Guantes y Cirugía: una historia de amor.

jueves, 16 de agosto de 2018


Hace unos días, estaba en mi despacho preparando un caso de una rinoplastia compleja y entró el más pequeño de mis hijos de tan solo 3 años. En mi ordenador había funcionando un video de una de mis cirugías. La verdad, no me di ni cuenta de que el video seguía mostrándose y antes de percatarme de ello se quedó mirando a la pantalla y preguntó: "Papá, ¿te pones guantes, para no mancharte de sangre?" Realmente, es muy lógico pensar así si no se tiene conciencia de lo que es la asepsia, antisepsia, o la infección… Me hizo tanta gracia que me puse a recordar en la anécdota real de la introducción de los guantes en cirugía.


La idea de utilizar guantes para operar surgió a finales del siglo XIX en el hospital John Hopkins de Baltimore. Hasta esa fecha, simplemente, los cirujanos se esterilizaban las manos con soluciones desinfectantes muy corrosivas que, a menudo, generaban alteraciones dermatológicas importantes.
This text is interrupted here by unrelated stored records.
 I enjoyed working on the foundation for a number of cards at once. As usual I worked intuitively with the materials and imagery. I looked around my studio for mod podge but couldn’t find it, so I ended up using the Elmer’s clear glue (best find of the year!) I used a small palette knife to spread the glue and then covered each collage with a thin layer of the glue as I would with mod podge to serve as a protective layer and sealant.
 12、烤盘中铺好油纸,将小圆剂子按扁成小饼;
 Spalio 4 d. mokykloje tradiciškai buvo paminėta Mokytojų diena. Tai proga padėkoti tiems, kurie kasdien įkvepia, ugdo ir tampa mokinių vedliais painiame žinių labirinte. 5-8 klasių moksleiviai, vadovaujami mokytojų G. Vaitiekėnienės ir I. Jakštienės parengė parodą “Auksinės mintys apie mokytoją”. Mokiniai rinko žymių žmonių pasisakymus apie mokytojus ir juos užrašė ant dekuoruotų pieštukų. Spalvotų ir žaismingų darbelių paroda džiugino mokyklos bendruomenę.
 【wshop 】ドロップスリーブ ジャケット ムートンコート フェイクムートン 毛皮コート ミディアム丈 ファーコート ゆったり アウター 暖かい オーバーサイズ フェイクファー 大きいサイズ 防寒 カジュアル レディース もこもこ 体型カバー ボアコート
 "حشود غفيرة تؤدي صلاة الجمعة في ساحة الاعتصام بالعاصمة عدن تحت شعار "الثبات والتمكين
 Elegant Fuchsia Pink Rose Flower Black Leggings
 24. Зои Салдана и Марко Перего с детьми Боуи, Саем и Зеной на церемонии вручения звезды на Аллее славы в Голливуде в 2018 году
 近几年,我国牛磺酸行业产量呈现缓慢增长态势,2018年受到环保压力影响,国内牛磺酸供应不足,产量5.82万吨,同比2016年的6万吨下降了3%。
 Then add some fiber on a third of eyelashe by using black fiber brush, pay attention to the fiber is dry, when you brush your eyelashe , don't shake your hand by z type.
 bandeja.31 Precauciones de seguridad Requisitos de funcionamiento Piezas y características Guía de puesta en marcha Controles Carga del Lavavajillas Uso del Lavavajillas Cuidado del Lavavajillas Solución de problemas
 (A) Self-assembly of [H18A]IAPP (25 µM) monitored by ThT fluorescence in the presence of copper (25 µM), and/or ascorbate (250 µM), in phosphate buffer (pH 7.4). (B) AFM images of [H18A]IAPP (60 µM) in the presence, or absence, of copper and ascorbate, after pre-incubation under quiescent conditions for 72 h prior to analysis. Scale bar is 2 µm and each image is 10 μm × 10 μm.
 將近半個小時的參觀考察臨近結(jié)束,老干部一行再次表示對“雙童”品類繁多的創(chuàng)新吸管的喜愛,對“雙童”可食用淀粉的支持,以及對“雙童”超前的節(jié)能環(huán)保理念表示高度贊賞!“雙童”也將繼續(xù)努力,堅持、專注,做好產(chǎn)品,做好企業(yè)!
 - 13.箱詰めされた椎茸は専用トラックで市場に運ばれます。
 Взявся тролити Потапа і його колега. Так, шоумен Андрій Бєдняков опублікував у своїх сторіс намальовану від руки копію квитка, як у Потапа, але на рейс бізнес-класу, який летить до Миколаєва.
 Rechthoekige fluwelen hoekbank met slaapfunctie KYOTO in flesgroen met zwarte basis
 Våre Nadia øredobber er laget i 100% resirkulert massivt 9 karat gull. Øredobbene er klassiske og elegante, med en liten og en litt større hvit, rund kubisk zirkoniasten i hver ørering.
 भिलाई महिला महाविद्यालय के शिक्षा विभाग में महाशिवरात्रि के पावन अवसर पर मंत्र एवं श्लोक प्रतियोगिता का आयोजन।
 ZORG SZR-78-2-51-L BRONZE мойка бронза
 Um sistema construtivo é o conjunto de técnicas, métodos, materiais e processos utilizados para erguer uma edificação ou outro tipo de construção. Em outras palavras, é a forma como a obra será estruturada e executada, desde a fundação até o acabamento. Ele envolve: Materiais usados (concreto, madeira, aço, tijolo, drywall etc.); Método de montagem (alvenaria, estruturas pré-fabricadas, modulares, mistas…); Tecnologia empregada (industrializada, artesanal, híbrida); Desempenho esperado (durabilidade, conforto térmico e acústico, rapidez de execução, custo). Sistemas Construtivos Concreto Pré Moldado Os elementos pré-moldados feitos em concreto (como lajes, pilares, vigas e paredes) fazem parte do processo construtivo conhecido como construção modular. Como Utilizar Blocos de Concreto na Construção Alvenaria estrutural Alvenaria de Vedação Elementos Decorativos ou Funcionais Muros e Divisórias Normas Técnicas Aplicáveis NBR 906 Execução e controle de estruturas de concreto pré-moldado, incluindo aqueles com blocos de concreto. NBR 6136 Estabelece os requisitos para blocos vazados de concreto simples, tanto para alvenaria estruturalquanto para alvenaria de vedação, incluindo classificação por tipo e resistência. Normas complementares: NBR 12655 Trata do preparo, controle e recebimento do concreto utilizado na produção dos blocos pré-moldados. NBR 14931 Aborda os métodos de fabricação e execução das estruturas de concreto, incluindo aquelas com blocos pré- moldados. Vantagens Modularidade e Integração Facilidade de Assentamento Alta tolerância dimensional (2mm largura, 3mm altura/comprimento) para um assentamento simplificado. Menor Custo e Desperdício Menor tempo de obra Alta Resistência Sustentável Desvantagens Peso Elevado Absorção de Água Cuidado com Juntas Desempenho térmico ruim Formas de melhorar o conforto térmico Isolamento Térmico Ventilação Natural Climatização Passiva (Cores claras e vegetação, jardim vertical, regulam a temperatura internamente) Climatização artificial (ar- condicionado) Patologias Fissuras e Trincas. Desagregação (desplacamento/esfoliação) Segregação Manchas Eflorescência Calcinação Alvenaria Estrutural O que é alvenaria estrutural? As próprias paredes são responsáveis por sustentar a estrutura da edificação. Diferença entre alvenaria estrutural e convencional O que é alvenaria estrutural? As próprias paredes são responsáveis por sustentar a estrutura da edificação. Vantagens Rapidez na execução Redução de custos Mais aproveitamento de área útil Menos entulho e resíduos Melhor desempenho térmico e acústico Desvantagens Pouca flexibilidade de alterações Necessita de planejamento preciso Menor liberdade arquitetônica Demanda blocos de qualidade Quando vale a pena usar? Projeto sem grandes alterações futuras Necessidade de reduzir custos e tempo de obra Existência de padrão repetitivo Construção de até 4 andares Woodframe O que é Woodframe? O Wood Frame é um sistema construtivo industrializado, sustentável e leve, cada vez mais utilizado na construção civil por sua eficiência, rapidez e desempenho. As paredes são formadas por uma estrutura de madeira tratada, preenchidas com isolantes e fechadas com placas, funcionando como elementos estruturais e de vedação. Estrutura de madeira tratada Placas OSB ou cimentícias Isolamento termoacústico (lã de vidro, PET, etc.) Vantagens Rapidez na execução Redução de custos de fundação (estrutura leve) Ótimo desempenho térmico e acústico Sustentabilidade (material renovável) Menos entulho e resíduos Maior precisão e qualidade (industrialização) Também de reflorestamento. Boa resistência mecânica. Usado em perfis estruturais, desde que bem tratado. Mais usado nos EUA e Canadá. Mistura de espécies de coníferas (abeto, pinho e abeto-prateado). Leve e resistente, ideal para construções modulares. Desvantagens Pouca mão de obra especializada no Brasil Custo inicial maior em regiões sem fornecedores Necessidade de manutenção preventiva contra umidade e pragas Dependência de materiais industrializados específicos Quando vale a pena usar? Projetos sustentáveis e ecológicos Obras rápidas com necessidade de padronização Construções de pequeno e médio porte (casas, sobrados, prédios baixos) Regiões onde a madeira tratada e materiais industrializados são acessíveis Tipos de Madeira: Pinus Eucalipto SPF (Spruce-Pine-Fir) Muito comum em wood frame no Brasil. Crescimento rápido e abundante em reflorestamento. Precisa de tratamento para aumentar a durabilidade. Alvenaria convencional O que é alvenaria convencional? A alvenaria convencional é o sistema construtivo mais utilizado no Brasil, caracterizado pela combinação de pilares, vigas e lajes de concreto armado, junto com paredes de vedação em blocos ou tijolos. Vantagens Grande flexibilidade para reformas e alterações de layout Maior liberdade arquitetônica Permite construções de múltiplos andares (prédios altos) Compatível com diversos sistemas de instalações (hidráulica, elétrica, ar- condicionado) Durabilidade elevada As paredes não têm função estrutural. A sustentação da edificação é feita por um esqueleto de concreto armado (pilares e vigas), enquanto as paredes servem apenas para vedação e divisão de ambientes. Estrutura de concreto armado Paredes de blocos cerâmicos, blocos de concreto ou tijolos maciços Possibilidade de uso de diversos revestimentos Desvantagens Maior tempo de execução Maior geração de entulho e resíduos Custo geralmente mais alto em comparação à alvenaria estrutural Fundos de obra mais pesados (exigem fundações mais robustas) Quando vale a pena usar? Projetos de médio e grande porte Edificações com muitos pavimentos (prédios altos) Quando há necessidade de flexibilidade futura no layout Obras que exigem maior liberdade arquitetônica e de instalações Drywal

La introducción de los guantes para las prácticas quirúrgicas fue idea del prestigioso cirujano Halsted, para proteger las manos de la entonces su novia: Caroline Hampton. Caroline era enfermera de quirófano y acusaba en sus manos de forma grave los estragos de las soluciones desinfectantes. Por esta razón, Halsted encargó a la Goodyear-Rubber-Company un par de guantes de goma esterilizables para cada procedimiento y los problemas dermatológicos de Caroline desaparecieron por completo. El resto de la historia es fácilmente deducible. Los guantes de goma conquistaron los quirófanos de todo el mundo y supusieron un gran avance en la prevención de la infección quirúrgica.